Determining the clinically important difference in visual analog scale scores in abuse liability studies evaluating novel opioid formulations

Abstract

Purpose

This study determined how the magnitude of change in positive subjective responses predicts clinical outcome in a treatment setting. Specifically, we attempted to define what constitutes a clinically important difference (CID) in subjective responses.

Methods

A 100-mm visual analog scale (VAS) measured subjective ratings of drug “high,” calculated via an anchor-based method with published data from participants receiving sustained-release naltrexone (NTX) and heroin in a laboratory setting. The data were then compared to clinical outcomes in a treatment trial with sustained-release naltrexone. A distribution-based method subsequently analyzed data from participants who received ALO-01 (extended-release morphine with sequestered NTX) to predict its abuse liability.

Results

Differences in ratings of drug high of approximately 10 mm on a 100-mm line were clinically significant. By extrapolation, CIDs were also found between crushed or intact ALO-01 and immediate-release morphine sulfate (IRMS). No CIDs were found between intact and crushed ALO-01.

Conclusions

From laboratory and treatment trial data involving naltrexone, calculation of CIDs in subjective ratings of high is possible. Consequently, crushing/swallowing or injecting ALO-01 produces clinically significantly less drug high than oral or intravenous morphine alone, suggesting that ALO-01 has lower abuse liability by those routes than morphine formulations.

Introduction

In light of widespread prescription-drug abuse, US Food and Drug Administration (FDA) has requested that pharmaceutical companies developing new products containing controlled substances quantify the products’ potential for abuse in humans. Abuse liability studies typically compare the drug’s desirability (drug liking) and positive psychotropic effects (euphoria, or drug high, a well-known motivator for abuse) to that of a comparator with known abuse liability (e.g., heroin). Drug liking and drug high are self-reported subjective responses usually measured quantitatively. Differences in responses between the test drug and comparator estimate the drug’s relative abuse liability. Although differences in these subjective responses may be statistically significant, their clinical significance is also important. Consequently, guidelines [1, 2] have been developed to determine the clinically important difference (CID) of specific subject-reported measures. A family of measures has been used to assess drug liking and drug high, although most of them differ in potentially important ways. Common examples include the Drug Effects Questionnaire, the Addiction Research Center Inventory, and a variety of unipolar and bipolar visual analogue scales (VAS), among others. No measure is considered standard. To our knowledge, there have been no previous attempts to define a CID of any drug liking or drug high measure.

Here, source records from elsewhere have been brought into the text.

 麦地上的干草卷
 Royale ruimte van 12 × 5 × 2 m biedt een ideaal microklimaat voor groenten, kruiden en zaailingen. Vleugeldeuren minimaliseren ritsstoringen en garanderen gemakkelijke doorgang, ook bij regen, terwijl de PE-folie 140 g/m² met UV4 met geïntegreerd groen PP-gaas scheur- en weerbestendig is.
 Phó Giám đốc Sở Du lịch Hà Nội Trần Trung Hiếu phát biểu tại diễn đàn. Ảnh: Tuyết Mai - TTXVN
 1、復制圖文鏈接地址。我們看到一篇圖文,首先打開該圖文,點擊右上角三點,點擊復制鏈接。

CIDs can be calculated with anchor-based [3–5] or distribution-based methods. An anchor, generally an objective measure (e.g., laboratory value, clinical diagnosis), has some relationship with a more subjective measure (e.g., quality of life, VAS score) and evaluates the responsiveness and importance of changes in the subjective measure [3, 6]. Distribution-based methods involve statistical calculations of CID and have been assessed in various therapeutic areas [6], including subjective measures of pain [7]. Because CIDs of abuse liability outcome measures have not yet been evaluated, one goal of this study was to determine CIDs for the subjective ratings of drug high in opioid abuse liability studies.

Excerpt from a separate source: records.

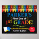 Our sign features a burst of colors, playful patterns, and delightful illustrations that will bring a smile to every child's face. The eye-catching design will make your first day of school photos truly memorable.
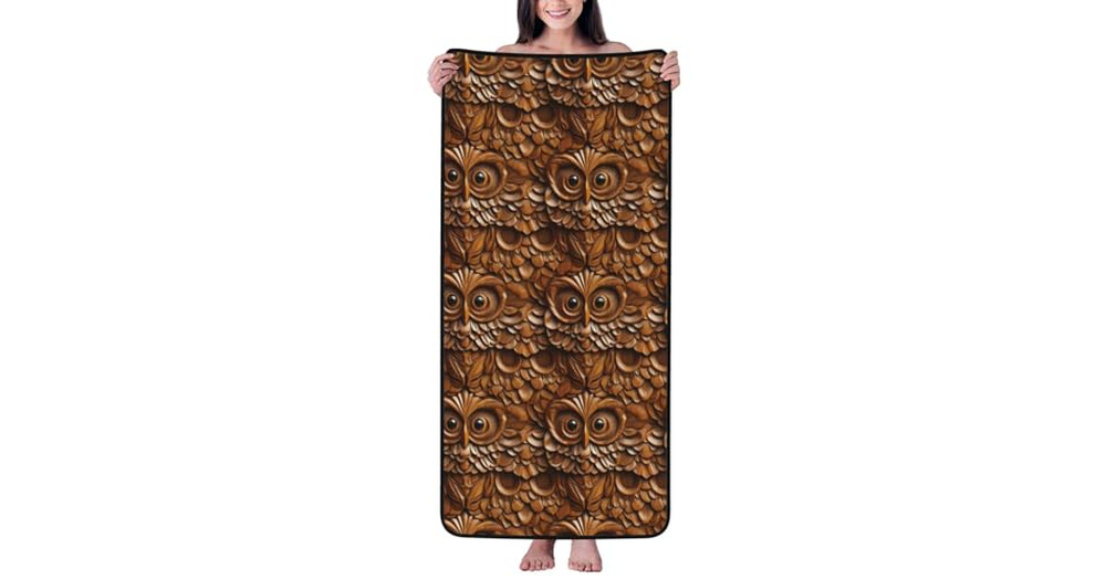 GVYGVY Cotton Bath Towels for Bathroom - Wood Grain Owl Print Microfiber Towels for Body Bath Sheets
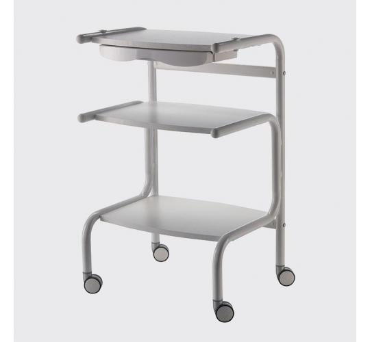 Столик TRYLLO – это удобный и функциональный передвижной столик. Имеет окрашенный трубчатый каркас. Комплектуется 3 полками, ящиком, расположенным под верхней полкой, и суппортом для крепления лампы-лупы. Отличается мягким дизайном, прочностью и легкостью управления. TRYLLO представляет собой идеальное решение для косметологических, педикюрных кабинетов, центров отдыха, салонов красоты и СПА.
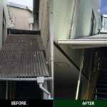 兵庫県尼崎市の工場にて雨樋交換工事(軒樋半丸105、竪樋パナソニック60Φ)
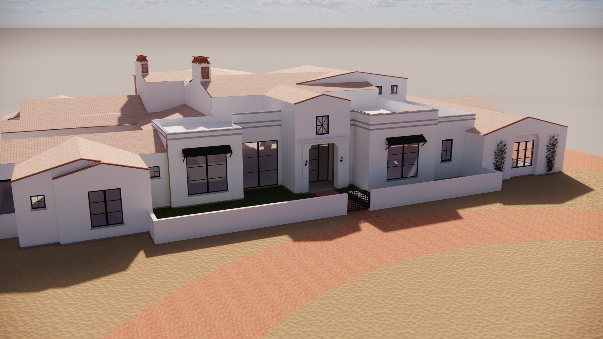 photo quality spanish style home in phoenix arizona the blue skies are partly cloudy at 4pm and there is a lot of accent lighting in the front sandy areas add lots of desert plants show some furniture inside the house
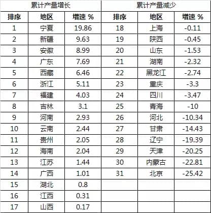 在各省市區(qū)水泥產(chǎn)量中,寧夏自治區(qū)水泥產(chǎn)量同比出現(xiàn)大幅提高,達19.86%,領先全國。而北京地區(qū)水泥產(chǎn)量同比下降最大,降幅達25.42%。
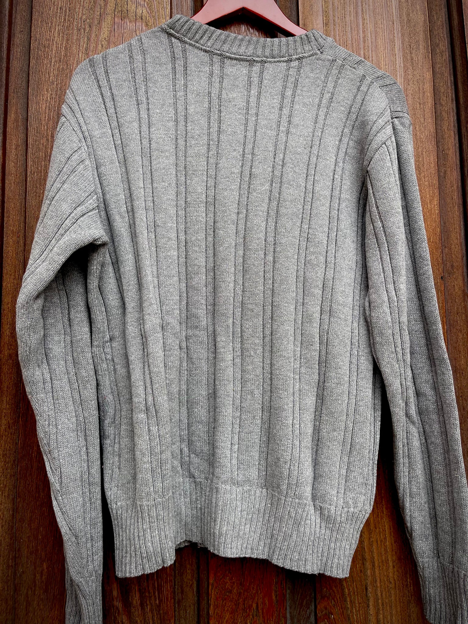 The acid washed process causes a unique color fading and darking process. Color variation will vary from sweater to sweater. Distressing will also vary. Bust measurement is provided, other measurements available upon request.

Abusers often tamper with (chew, crush, dissolve) extended-release (ER) opioid formulations to rapidly deliver high concentrations of opioids. To minimize risk of opioid abuse, manufacturers develop ER formulations that resist tampering. ALO-01, a novel oral capsule formulation of morphine, contains multiple pellets; each pellet contains morphine surrounded by an ER membrane and a core of naltrexone (NTX), an opioid antagonist [8, 9]. Under normal use, morphine is slowly released to control pain for 12–24 h, while NTX remains sequestered in the core. If the formulation is chewed or crushed, NTX is released from the core, reducing morphine’s euphoric effects. Our second goal was to determine whether statistically significant reductions in drug high produced between morphine and ALO-01, and between altered and intact ALO-01, are clinically important, i.e., meet our estimated CID criteria for drug high in opioid liability studies.

Methods

We used anchor- and distribution-based methods to determine CIDs in drug high for opioid products and thereby predict a product’s abuse liability post-marketing.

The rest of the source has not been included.